For straight compositions, write in MS Word or equivalent and copy and paste the text in. I long ago wrote a series of autocorrects, so that, for example a"# => ä, ao# => å and of course a-# => ā.
Similarly th#, dh#, ae# and so forth, and autocorrects for þæt, þæm, and many others.
I think the missing edit tools are the result of a deeper problem caused by an "improvement" in Wikipedia as a whole: [3]. It sounds too technical to me.
Hogweard 01:08, 4 Mǣdmōnaþ 2009 (UTC)

It'd be easier to create your own custom keyboard layout. Just google that bolded text and see what tools you find. It's what I did, sure beats having to stop and click buttons. Before making one, think about what you'd want to press naturally in order to bring those characters up. Me, ALT + a, for instance, brings up the macron, then I can type any vowel to place under it. My ALT + y brings up ȝ, and so forth. (I put that there based on pronunciation). — ᚹᚩᛞᛖᚾᚻᛖᛚᛗ 03:41, 4 Mǣdmōnaþ 2009 (UTC)

Swíþe gód... Þonce éow eallum... Ic mót brúcan þás orþancas.

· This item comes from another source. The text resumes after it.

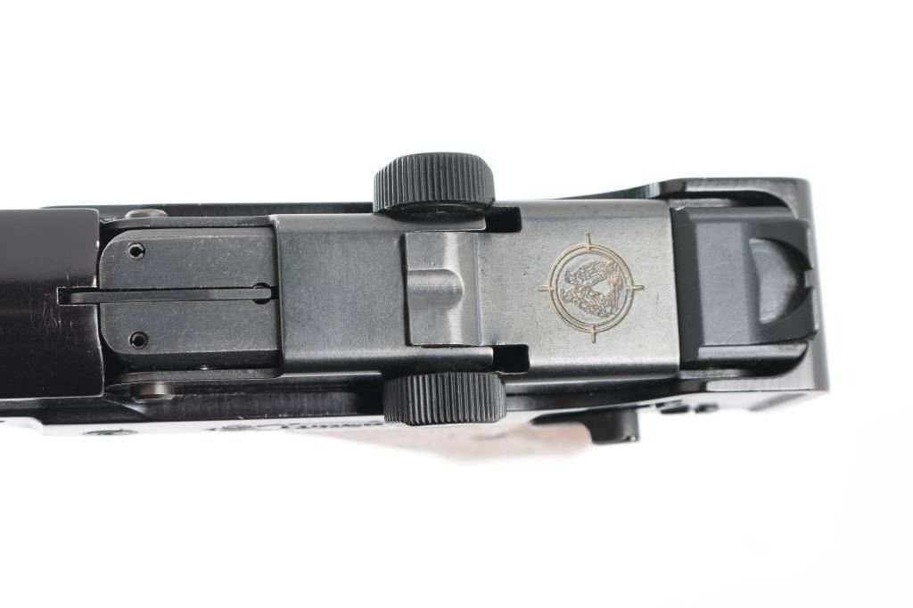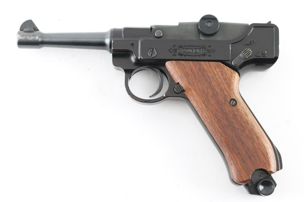 ***SOLD FOR PARTS OR REPAIR ONLY *** Toggle action semi-automatic rimfire pistol modeled after the iconic DWM Parabellum-Pistole, manufactured in S. Hackensack, NJ circa 1969-1980. Features a blued 4.5" tapered barrel, dovetailed blade front sight, fixed rear sight with square notch, smooth crescent trigger, manual safety on the left side of the frame, push button magazine release, 10 round magazine, black finished aluminum frame and checkered two-piece faux-wood synthetic grips. Pistol retains approximately 95% of its original finish showing edge losses & holster wear. Action is smooth, the bore is excellent and the wood grips are fine. *****WARNING***** Safety lever does not function correctly. Condition is NRA Poor (Safety Needs Repair) *** Modern Firearm ***
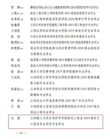 本网讯:近日,共青团江西省委印发《关于表彰全省五四红旗团委(团支部)、全省优秀共青团员、全省优秀共青团干部的决定》,应用科学学院机电工程系2019级电气工程及其自动化专业学生刘晟同学荣获2021年度“全省优秀共青团员”称号。

Áwendung: Very good... Thanks... I must use these ideas. Willcume ic þec on míne brúcendsídan! 01:18, 6 Mǣdmōnaþ 2009 (UTC)

Featured Articles[adiht fruman]

While most pages are rather short, some of them are length and well-done. I'd say it's about time for us to start implementing some Fulgōd ȝeƿritu. — ᚹᚩᛞᛖᚾᚻᛖᛚᛗ 06:47, 20 Wēodmōnaþ 2009 (UTC)

Bend? Hlenċe![adiht fruman]

Sum ƿordcƿidas on þǣre Arizona.edu sīde bēoþ fremde oþþe tō miċel, ac mē þyncþ hlenċe gōd. Brūcaþ ƿē hīe. — ᚹᚩᛞᛖᚾᚻᛖᛚᛗ 08:16, 28 Wēodmōnaþ 2009 (UTC)

Hit is gód word, ac "bend" is ǣr gebrocen, and ic ðence, ðæt hit swíðe heofig ðing is, tó forbrúcenne níwe word tó "link"e. Gíet, þence ic, ic sceal hlence brúcan... Willcume ic þec on míne brúcendsídan! 02:57, 27 Hāligmōnaþ 2009 (UTC)
Bēo Beald. Brūc hlenċe. — ᚹᚩᛞᛖᚾᚻᛖᛚᛗ 02:11, 28 Hāligmōnaþ 2009 (UTC)

Anglicization of Modern Country Names[adiht fruman]

Englisc's wordhoard, although, for an ancient language, is considerably large, yet, obviously, lacks names for many modern countries (for obvious reasons). Obviously, too, a neologism will not always suffice for such countries (such as "Austrlaia"); however, there is always the issue of Anglicization of such words. For example, under Englisc's standard inventory of diphthongs, Australia should be "Ēastralea". So, how about it?

Also, this being relevant to the "fréo" in "séo fréo wísdómbóc", I am pretty sure that Englisc "fréo" was not meant to mean "without cost", but, rather, "liberated, freed, etc". I think "uncéap" would be a better option of the kind of free intended there. Willcume ic þec on míne brúcendsídan!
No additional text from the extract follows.